[Collection entries]

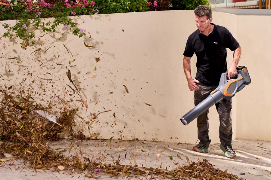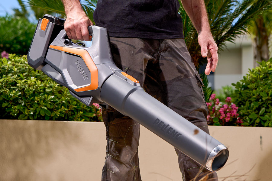 Il soffiatore a batteria on-board AIRION ESSENTIAL coniuga potenza, comfort di lavoro e il massimo dell‘ergonomia. La progettazione ha ereditato l’aspirazione a gomito dal modello AIRION Pellenc, progettato per facilitare un lavoro senza fatica limitando al massimo la tensione del polso dell‘operatore. AIRION ESSENTIAL è dotato di uno schermo LED che permette di controllare la percentuale di batteria residua e regolare le opzioni di comando: BOOST, Cruise Control e le sue 3 velocità. La modalità BOOST con una spinta a 23N e la velocità di lavoro a 18N permettono di adattarsi a tutte le situazioni di pulizia.
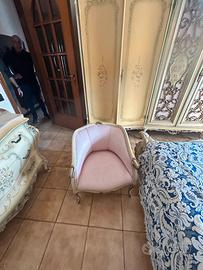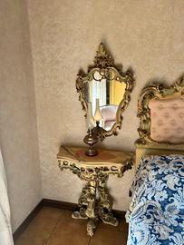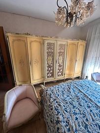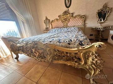 Vendesi lussuosa camera da letto matrimoniale in pieno stile Barocco Veneziano. Un set unico per chi desidera arredare con sfarzo e prestigio. Il set include: 1. Letto matrimoniale con testata e pediera intagliate e dorate. Testata imbottita in capitonné rosa chiaro. 2. Armadio 6 ante monumentale. Le quattro ante laterali presentano decori floreali, mentre le 2 ante centrali sono arricchite di un complesso traforo in legno dorato a motivi floreali e volute barocche. interni spaziosi e rifiniti. 3. Comò bombato a tre cassetti capienti , con specchiera coordinata di grandi dimensioni e ripiano in marmo. 4. Coppia di comodini con ripiano in marmo e due specchi. 5. Coppia di poltrone con struttura intagliata e dorata, seduta e schienale in capitonné rosa chiaro. Prezzo affare, contattare se interessati. Disponibile per visione. Smontaggio e trasporto a carico dell'acquirente.
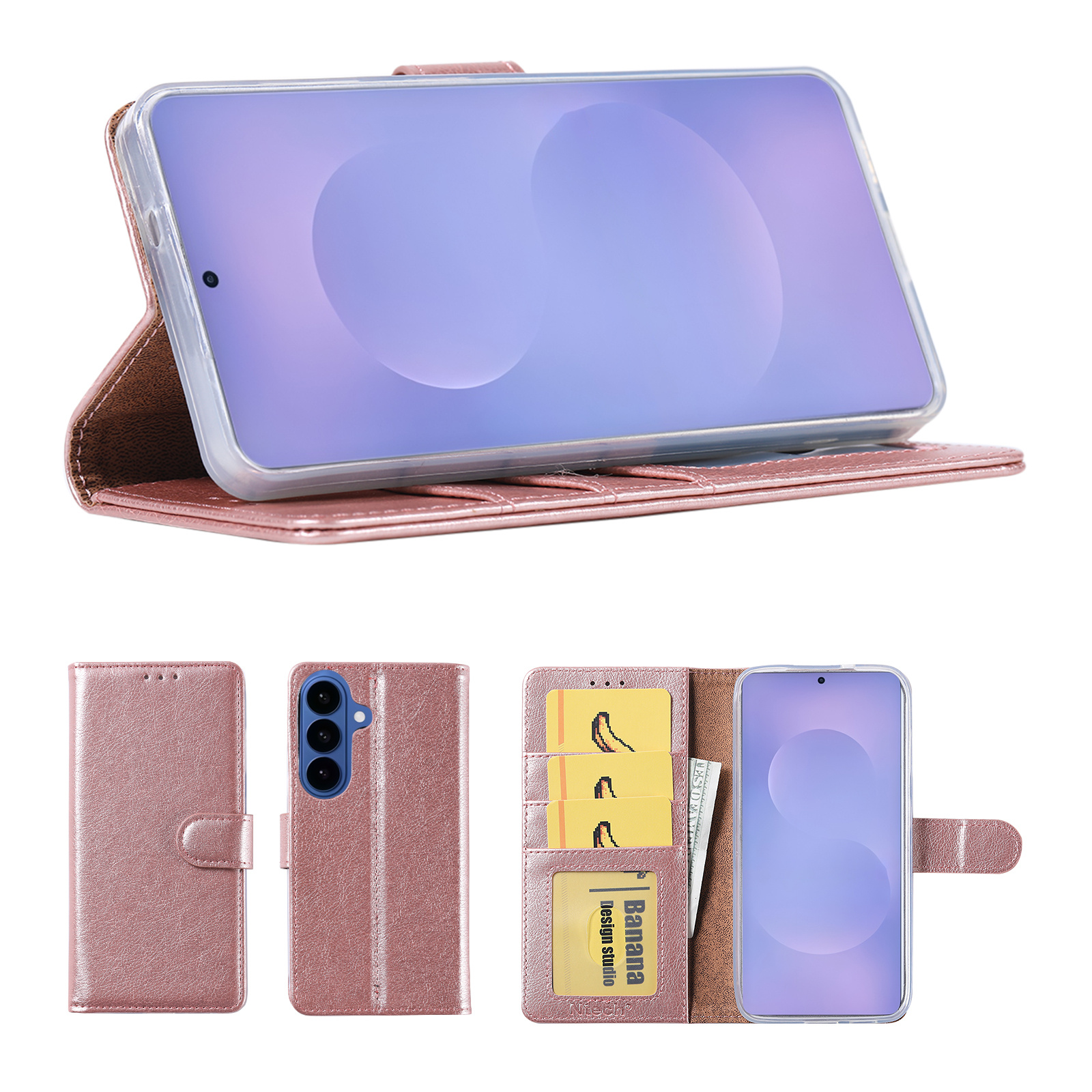 Hoesje geschikt voor Samsung Galaxy S26 5G hoesje Rose Goud pasjeshouder telefoon hoes - Met screenprotector tempered glass voor Galaxy S26 5G - 2x
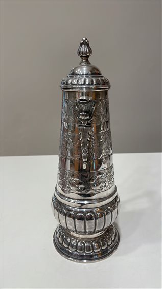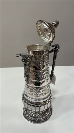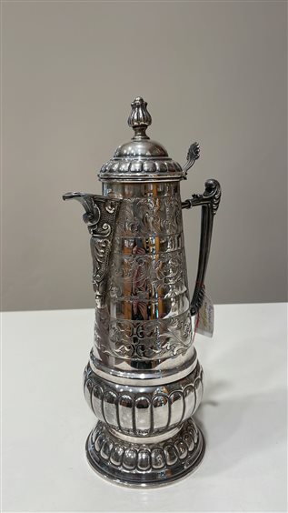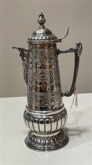 PREGIATO PEZZO D'ARGENTERIA. L'ALTA QUALITA' DEI MATERIALI E DELLA LAVORAZIONE SONO GARANTITI DAI MARCHI LEGALI IMPRESSI SUL PEZZO. CIOCCOLATIERA FINEMENTE CESELLATA IN ARGENTO MASSICCIO 800, CON MOTIVI FLOREALI E FOGLIACEI, GR 606.
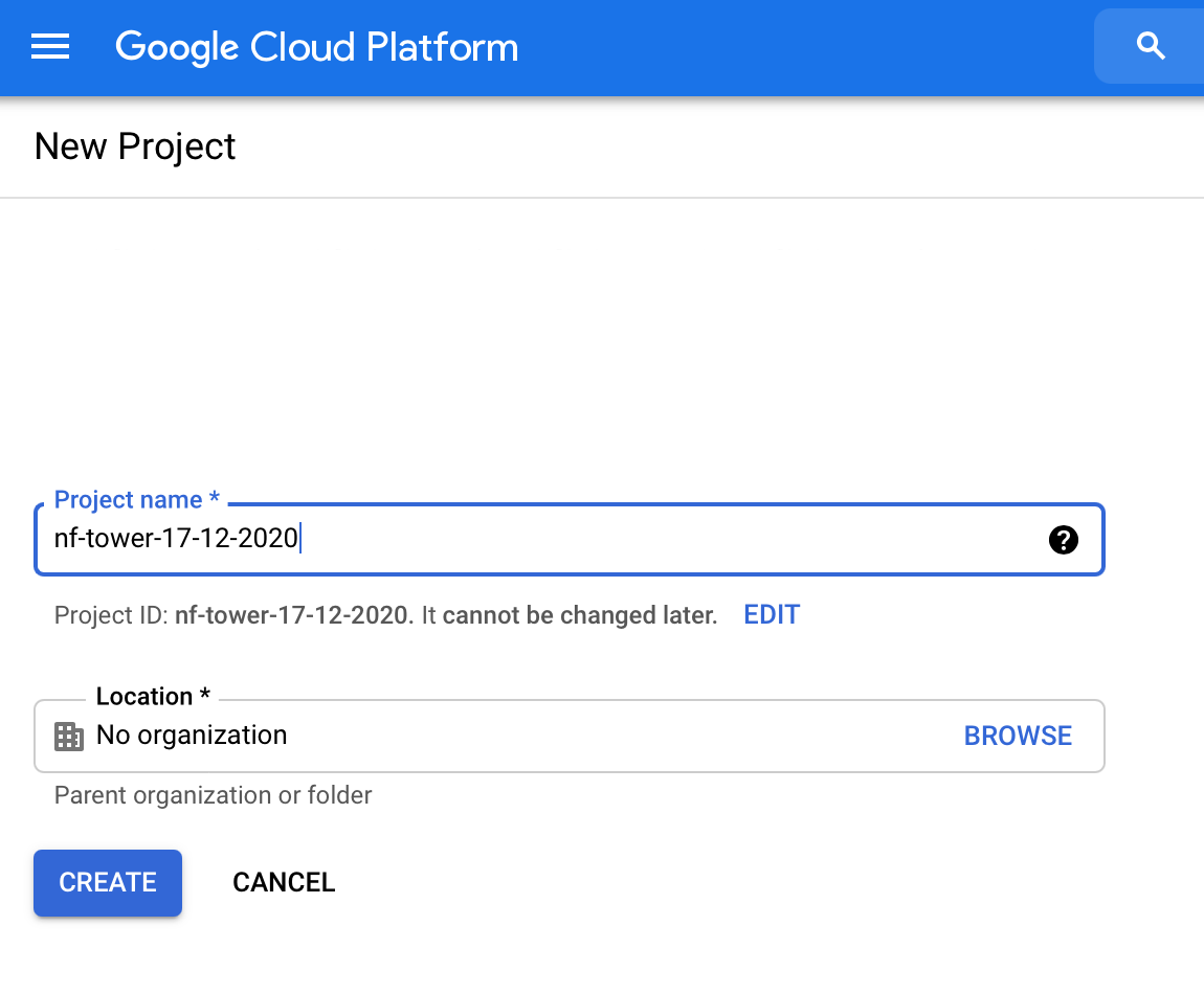 Enter a name for your new project e.g: "tower-nf", if you are part of an organization the location will be set by default to match your organization parameters.
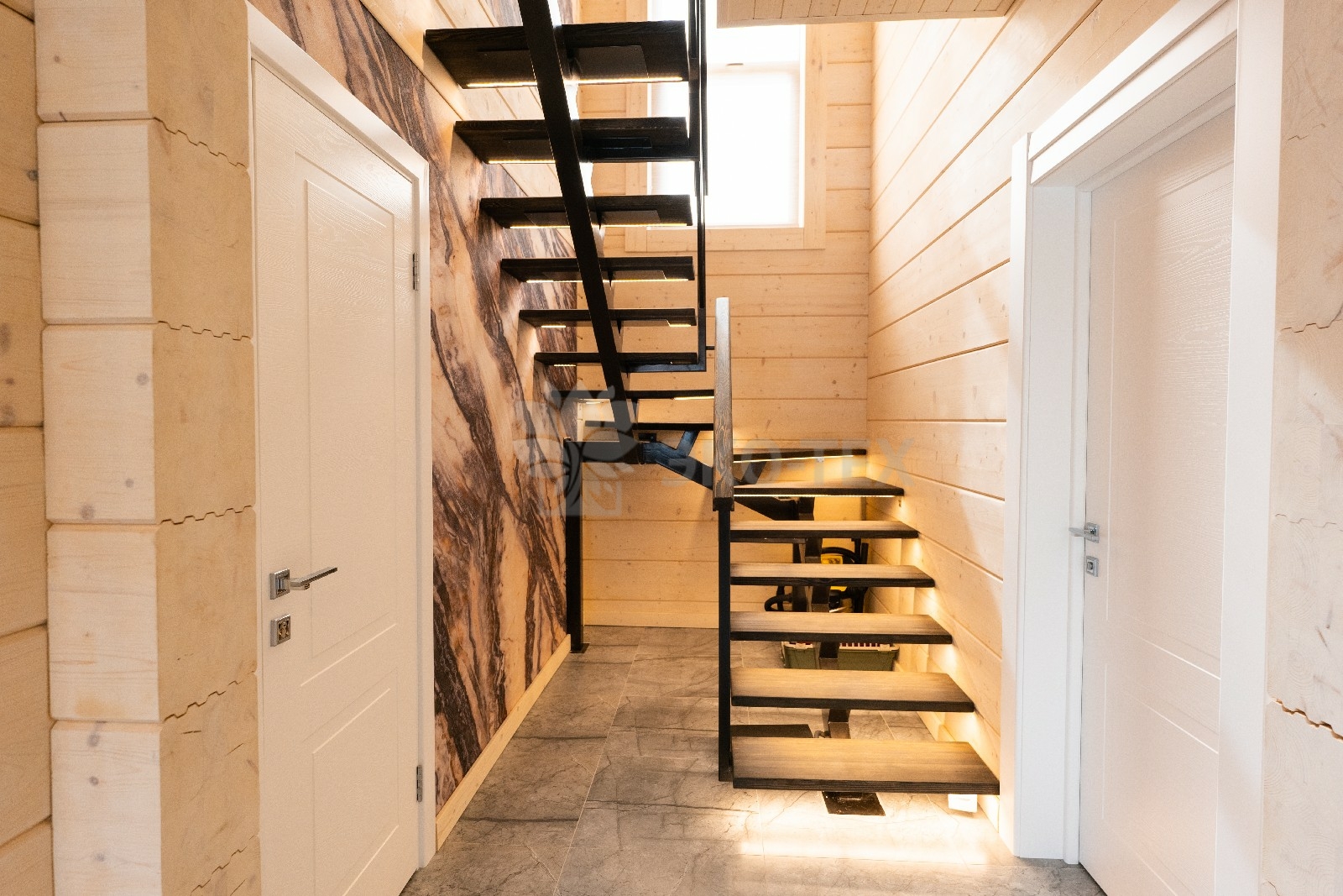 Все комнаты выходят в общей холл, ведущий на лестницу. На втором этаже также имеется собственный санузел.
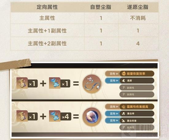 在3.0版本中,除了原有的主属性自定义外,还新增了【遂愿尘脂】用于遗器副属性定向。
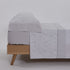 El set se compone de encimera, bajera adaptable (para colchones de hasta de 30cm. de altura y 190/200cm de largo) y funda de almohada con dos aperturas.

● Work instructions: Starting at the line that contains "Enter a name", retype each line through the end of the data exactly, and leave out every picture.

● Answer for this exercise:
 Enter a name for your new project e.g: "tower-nf", if you are part of an organization the location will be set by default to match your organization parameters.
 Все комнаты выходят в общей холл, ведущий на лестницу. На втором этаже также имеется собственный санузел.
 在3.0版本中,除了原有的主属性自定义外,还新增了【遂愿尘脂】用于遗器副属性定向。
 El set se compone de encimera, bajera adaptable (para colchones de hasta de 30cm. de altura y 190/200cm de largo) y funda de almohada con dos aperturas.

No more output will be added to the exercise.